However, these previous studies were based on only a few samples within a limited sampling area and mainly focused on C. procera. In addition, AFLP and RAPDs are dominant markers which cannot distinguish between heterozygotes and homozygotes, thus their use may over-estimate genetic diversity, making them less robust for use in genetic analysis12. On the other hand, isozymes are phenotypic markers whose usefulness is limted by the requirement for fresh samples, the fact that they are influenced by environmental changes and that only a few loci are analysed13. Expressed sequence tags-simple sequence repeats (EST-SSR) are more robust and efficient in population genetic analysis based on their intrinsic characteristics such as codominance, multi-allelic, highly reproducible, transferability across taxon, hypervariable and ubiquitous distribution across the genome14. In particular, EST-SSRs target protein coded are conservative and their markers are usually transferable within species, thus they are often applied to investigate the genetic diversity and population structure across related species15,16,17,18.

In our previous study19, we generated transcriptome data for C. gigantea. Using that data, in the present study, we developed 20 polymorphic and efficient EST-SSR markers. These markers were used to investigate genetic diversity and differentiation and perform population structure analysis for ten populations collected from Asia and Africa (as shown in Fig. 1). These results provide novel insights into the genetic diversity and population differentiation in Calotropis.
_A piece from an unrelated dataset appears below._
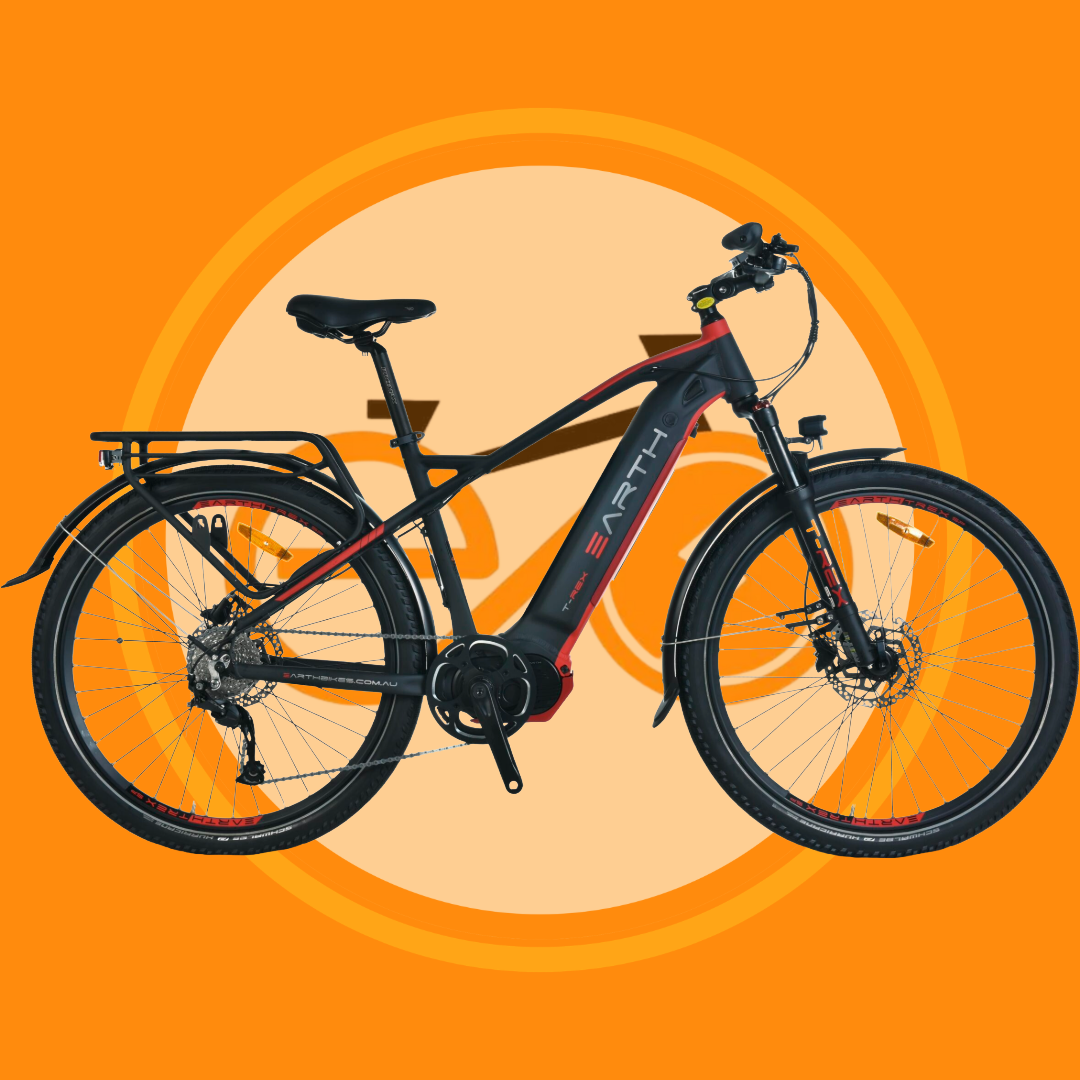 EARTH T-Rex 650B SP Trekking includes quality brand bike components, Shimano Alive 9 speed gears, Shimano Hydraulic brakes, Schwalbe Moto X puncture-proof tires, and tubes, heavy-duty rear rack, front & rear mudguards, front led lights and rear light, Promax adjustable stem and massive 48V 600Wh Samsung lithium-ion battery power pack, and with an OPTIONAL SECOND MOUNT BATTERY PACK, is one of the largest battery capacity of any branded e-bikes in Australia.

This study not only increases our understanding of the genetics of Calotropis, but also is useful to development of feasible strategies for Calotropis genetic resource management and conservation.

Figure 1
figure 1

Map showing geographical locations where samples were collected. The marked points are exact points of collection. ArcGIS v10.2.2 (http://www.esri.com/) was used to generate the map.

Results

Polymorphism of EST-SSR Markers

In total, 170 primer pairs were randomly selected from those designed from the transcriptome of C. gigantea in our recent study19. To inspect polymorphism of primers the screening was initially carried out using eight samples (four from C. gigantea and four from C. procera), selected at random from the sampled populations. Among the 170 selected primer pairs, 151 amplified successfully across C. gigantea and C. procera while 19 pair primers did not yield any PCR products at diverse annealing temperatures. Out of the 151 successful primer pairs, 109 yielded amplification products of the expected size, and the other 42 primer pairs generated PCR products that were larger or smaller than expected or unspecific bands. Of those successfully amplified, 20 primers (13.2%) showed polymorphisms whereas 89 were identified as monomorphic. The 20 polymorphic EST-SSR primers (see Table S1) were used for further population analysis. In total, 97 alleles were identified from C. gigantea samples, ranging from two (CG71) to eight (CG 84), with an average of 4.85 alleles per locus, whereas in C. procera samples, 84 alleles were identified with an average of 4.2 alleles per locus (Table S2). Across the20 loci, observed heterozygosity (HO) had a mean of 0.223 in C. procera and 0.194 in C. gigantea while the mean genetic diversity (HS) was 0.487 and 0.379 for C. gigantea and C. procera respectively. PIC values ranged from 0.065 to 0.769, with the mean = 0.429 in C. gigantea and 0.045 to 0.670, with the mean = 0.338 in C. procera (Table S1). From the average number of alleles and PIC values, it is evident that both C. procera and C. gigantea accessions display similar amount of genetic diversity (Table S1). Combining all populations of both species; the PIC ranged from 0.102 (CG71) to 0.800 (CG28). Inbreeding coefficient (FIS) values ranged from −0.365 to 0.879 (mean = 0.167) in C. gigantea, and from −0.597 to 0.951 (mean = 0.177) in C. procera (Table S2).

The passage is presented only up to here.